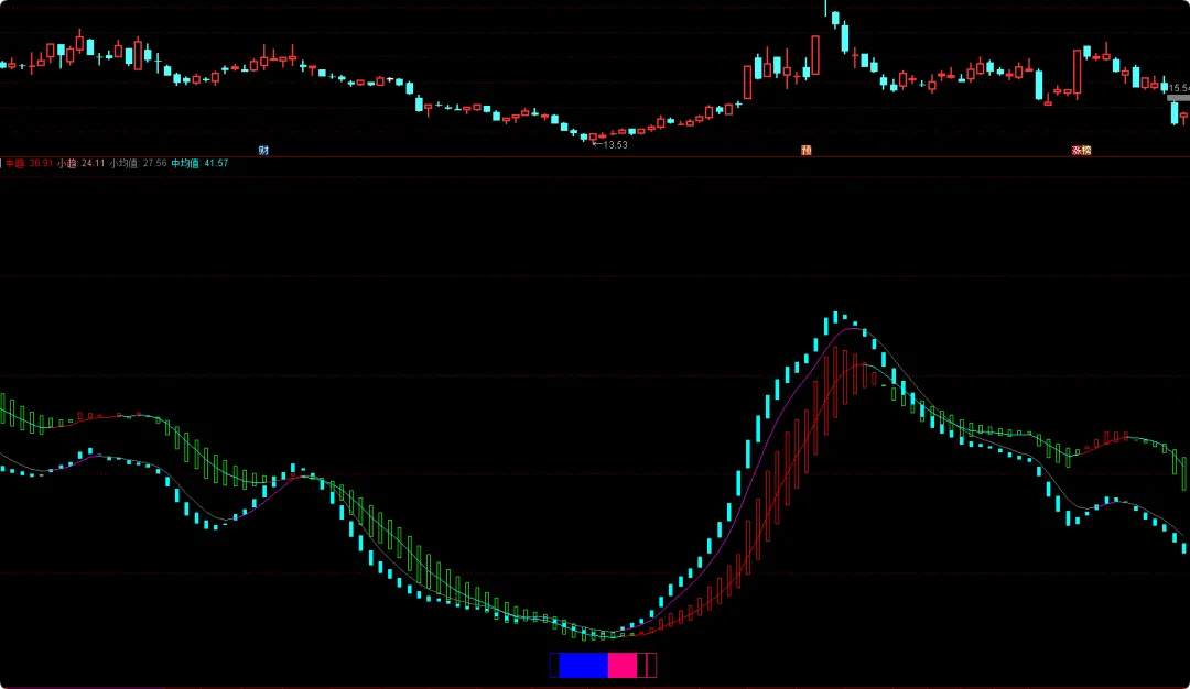 IF(小均值>=REF(小均值,1),小均值,DRAWNULL),COLORMAGENTA;
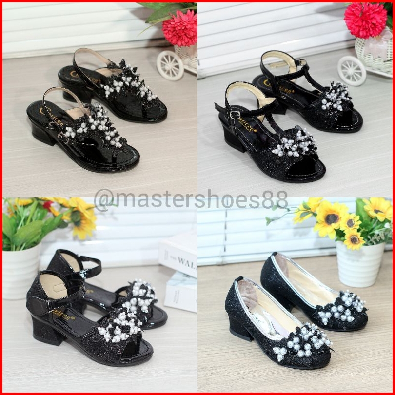 Master Ht02 - Black Collection Bestseller Sandal Selop Pesta Anak Perempuan Hak 3cm Terlaris
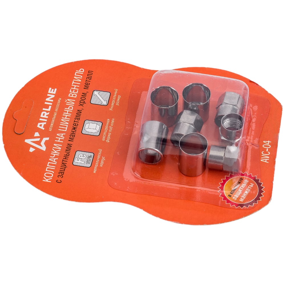 Колпачки на шинный вентиль Airline с защитными манжетами 4+4 шт AVC-04
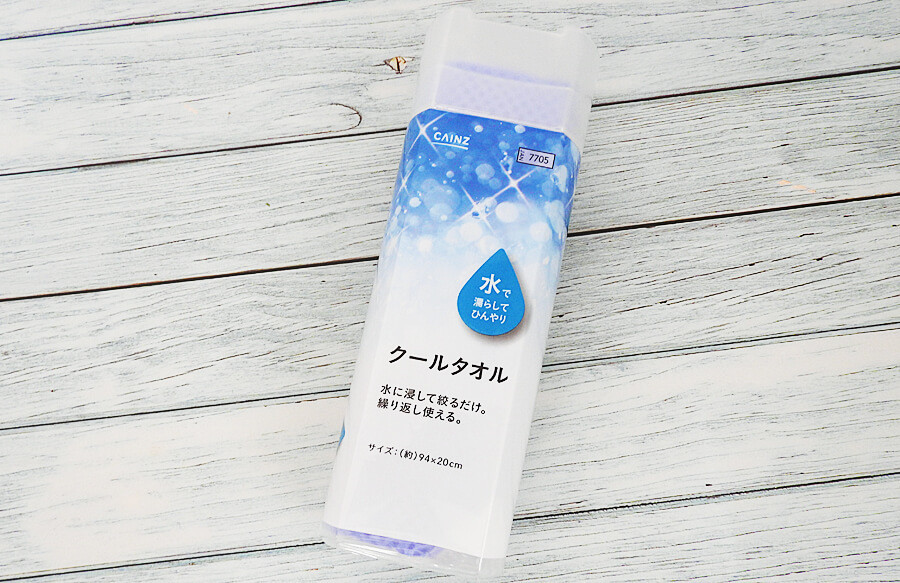 様々なショップでも見かける、首に巻くタイプのクールタオル。暑さが苦手な私は気になっていましたが、なかなか購入には至りませんでした。カインズオンラインショップをのぞいてみると、通常価格398円(税込)のところ298円(税込)とセールしていたため、試しに買ってみました。サイズは94cm×20cmと長め。

******************************

* _EXERCISE_: The whole listing must be restated word for word. Leave out any pictures.

* _WRITTEN RESPONSE_:
 IF(小均值>=REF(小均值,1),小均值,DRAWNULL),COLORMAGENTA;
 Master Ht02 - Black Collection Bestseller Sandal Selop Pesta Anak Perempuan Hak 3cm Terlaris
 Колпачки на шинный вентиль Airline с защитными манжетами 4+4 шт AVC-04
 様々なショップでも見かける、首に巻くタイプのクールタオル。暑さが苦手な私は気になっていましたが、なかなか購入には至りませんでした。カインズオンラインショップをのぞいてみると、通常価格398円(税込)のところ298円(税込)とセールしていたため、試しに買ってみました。サイズは94cm×20cmと長め。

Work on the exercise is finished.